Keep going at it.. whatever makes you feel special.

Marcus Bryant
11-06-2009, 03:18 PM
I get it.. you pat yourself on the back for being the forum's "most enlighten conservative" by all the liberals.

Keep going at it.. whatever makes you feel special.

Nah, I'm fairly certain they detest me as well. Anyways, at least I'm actually conservative, as opposed to what you view as conservatism.

Ignignokt
11-06-2009, 03:21 PM
Nah, I'm fairly certain they detest me as well. Anyways, at least I'm actually conservative, as opposed to what you view as conservatism.

Thank you guy, I'm glad you're the barometer!

Ignignokt
11-06-2009, 03:35 PM
I infact agree with some of this article. I hate the title, because it doesn't fit the article.

The guy basically laments the fact that these conservatives lack the facility to produce sound arguments that could be used for conversion.
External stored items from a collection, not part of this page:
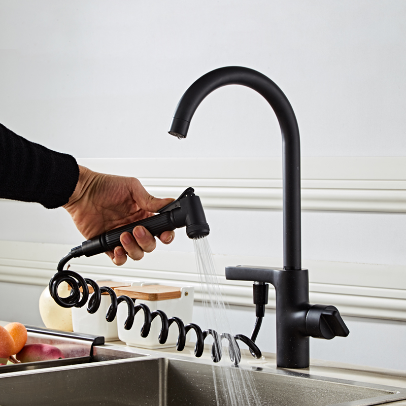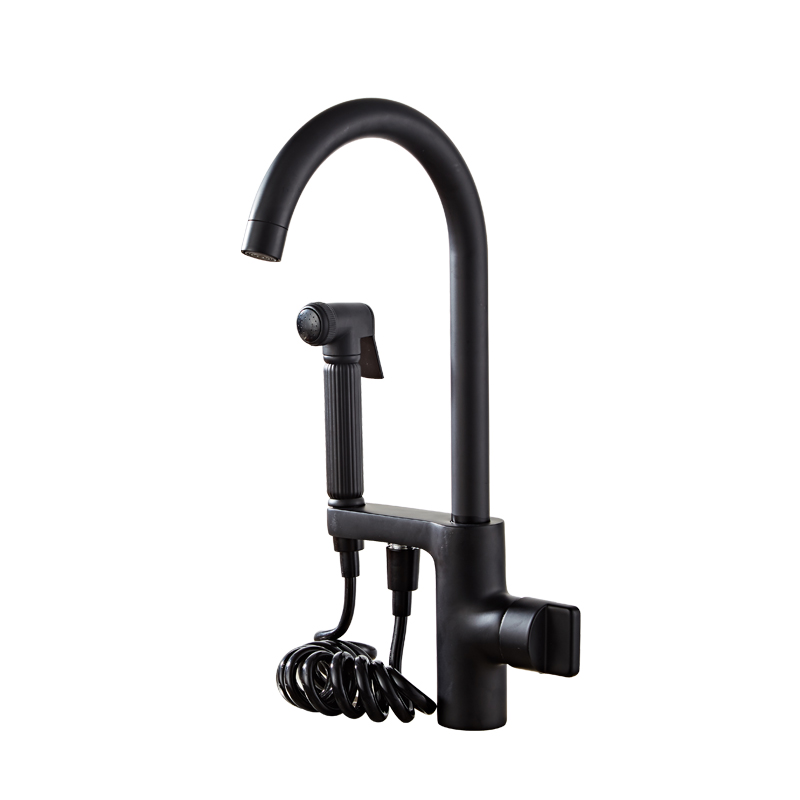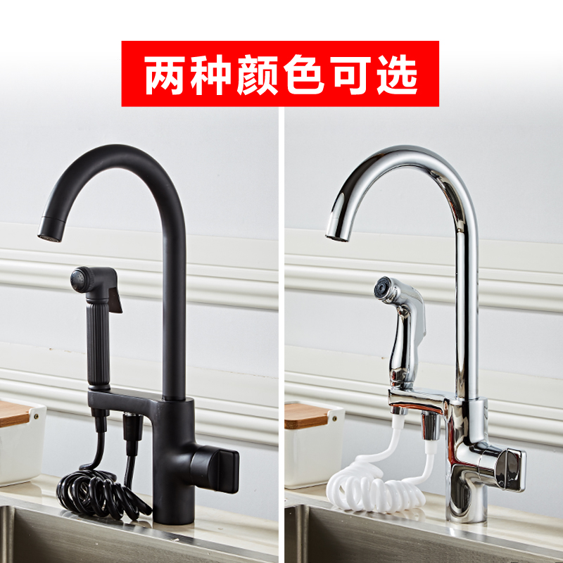 Kitchen hot and cold water faucet European-style all-copper black with spray gun wash basin basin dual-use 360-degree rotating faucet
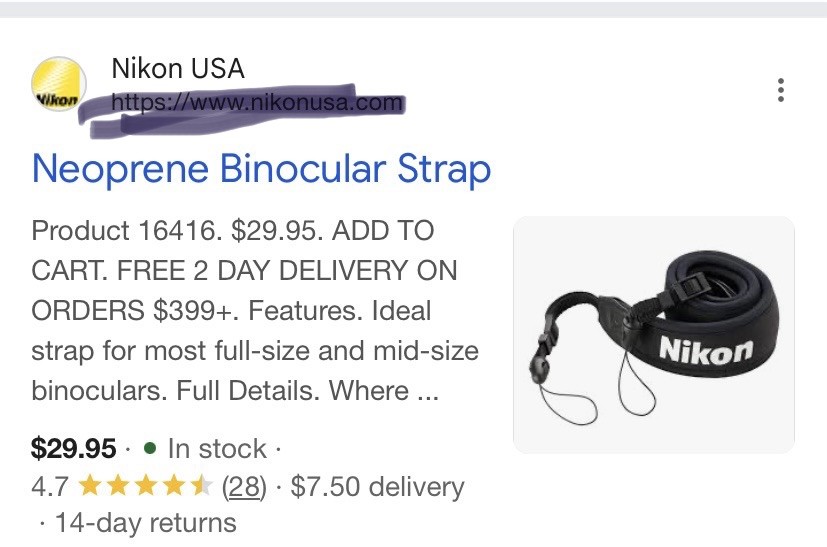 как выглядит NIKON NEW Binocular Neck Strap Neoprene Quick Release Feature фото
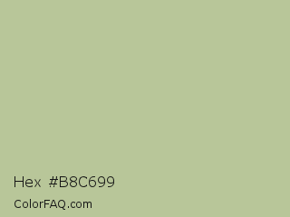 Hex #b8c699 Color is a light lime color and the nearest color is Eagle #b6baa4. Hex code #b8c699 and RGB value is rgb(184,198,153). In RGB color space, this color is composed of 72% red, 78% green, 60% blue, In CMYK color space, this color is composed of 7% cyan, 0% magenta, 23% yellow , 22% black , In HSL color space, this color has a hue angle of 79° , 28% saturation and 69% lightness.
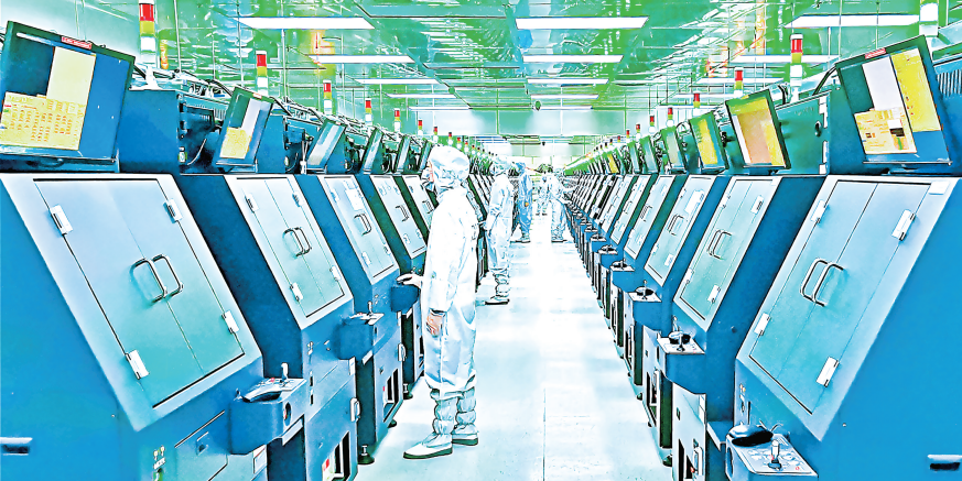 鄂州市利用毗邻以三安光电为主链的光谷区位优势,吸引和设立产业链上下游企业。携手武汉,助力湖北省打造世界级“光核心显示终端网络”产业集群。图为鄂州市葛店三安光电生产线一角。供图:通讯员 方中华
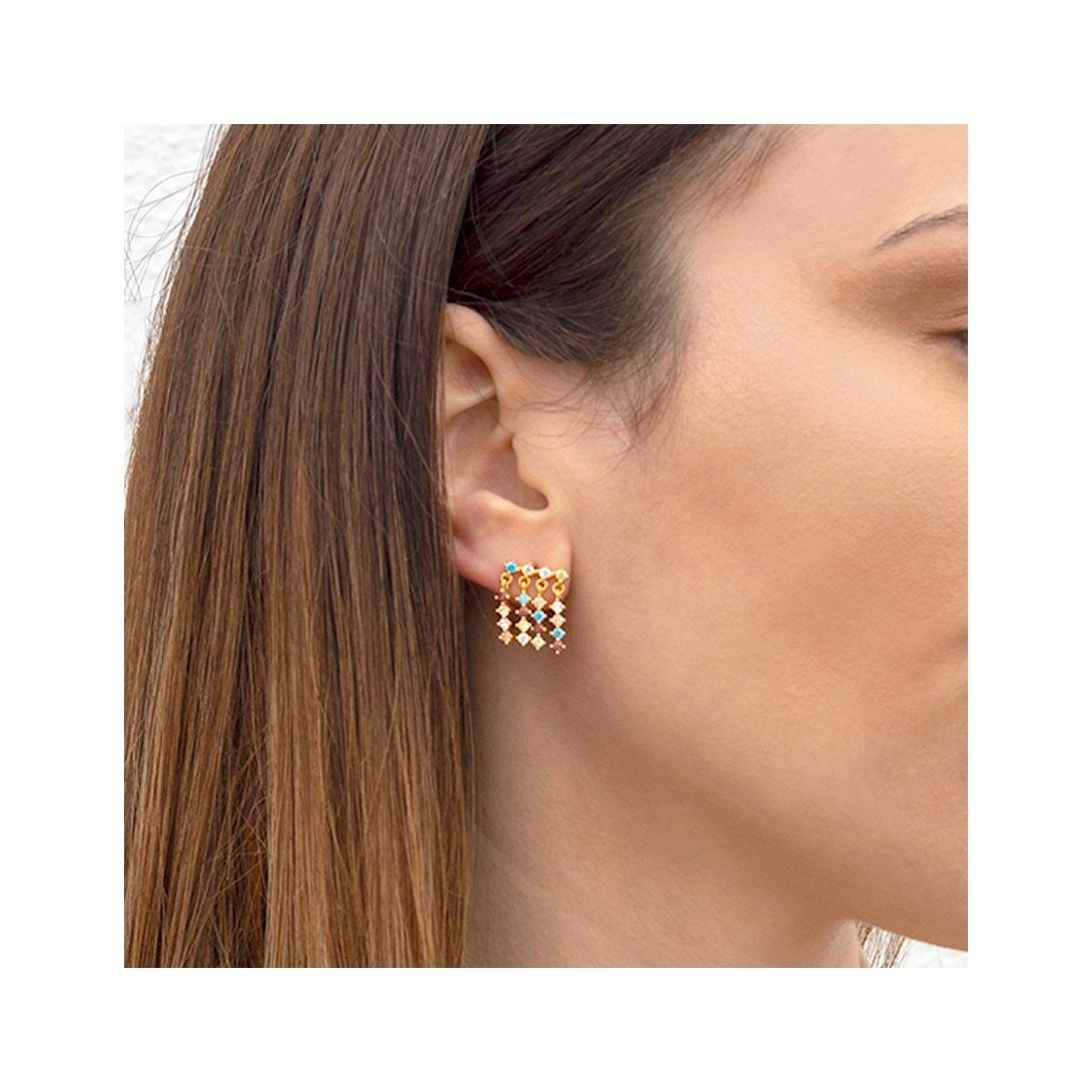 Pendientes Plata de Ley chapados en oro con circonitas de color de 2 mm.
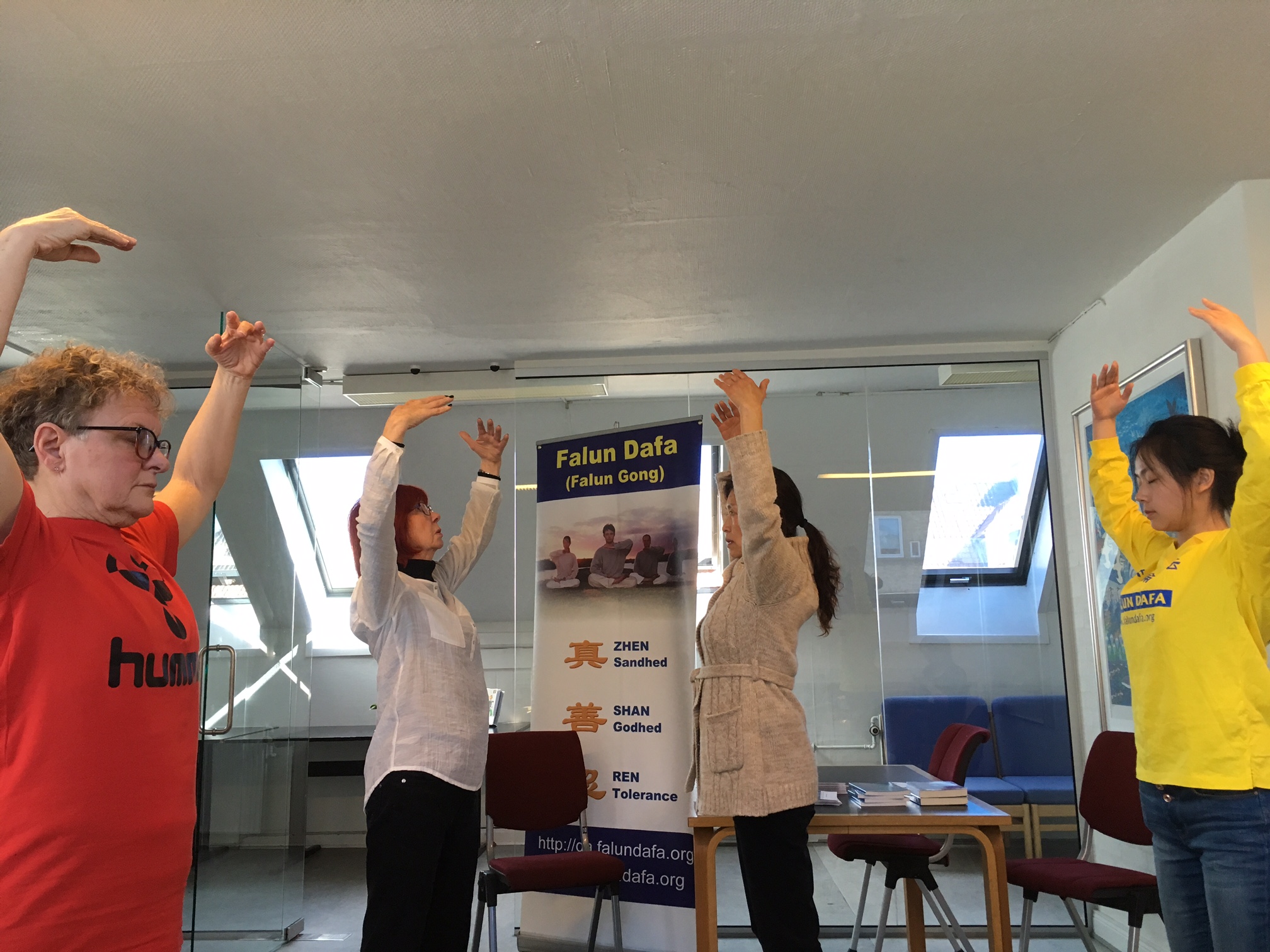 于是,二零一七年四月二十三日周日,法轮功学员再次来到奥尔堡,在市中心的社会活动中心举办介绍法轮功的专题讲座并教授法轮功的五套功法。

That's all great and all, but there is a time and a place for that.

Anne Coulter wrote an illuminating book that shed light on the Venona Project and Joe McCarthy.

I too, would like more conservative books to be hefty in the dogmatic area, but i also realize that even WFB's work was more of a reinforcement than an evangelical tool for conservatism.

Books like these will get no publicity and receive no respect. These are different times. You won't see Noam Chomsky vs WFB debates today, where you see tremendous respect from both sides.

I have too many progressive friends who won't even read a Buckley piece because they consider him to be a nazi.

get w/ da times.

RandomGuy
11-06-2009, 04:28 PM
Their job isn’t to enlighten but to entertain. The minds grow dimmer as the stars shine brighter.

Truer words have never been spoken about "conservative" books.

George Wills is the only one I have read who even seems to try presenting logical ideas, reasonably presented.

George Gervin's Afro
11-06-2009, 05:01 PM
I challenge all of you to read Men In Black and Liberty and Tyranny and then come back and give us a book review.

I think you'll be surprised. I also think there are some posters here who aren't intelligent enough to understand those books.

The problem with those books os that they over simplify the issues and claim that 'freedom' is a trait only for conservatives. I get it that conservatives like Levin feel that everyone should be out for themselves and if they suffer hardships that's a part of life. there are winners and losers so the govt shouldn't level the playing field.... it's old and tired rhetoric..to simple to talk about our country where one side feels as though they are the only party for a strong national defense and personal freedoms. I'll save my limited time on this earth to read new material and not rehashed stale arguments.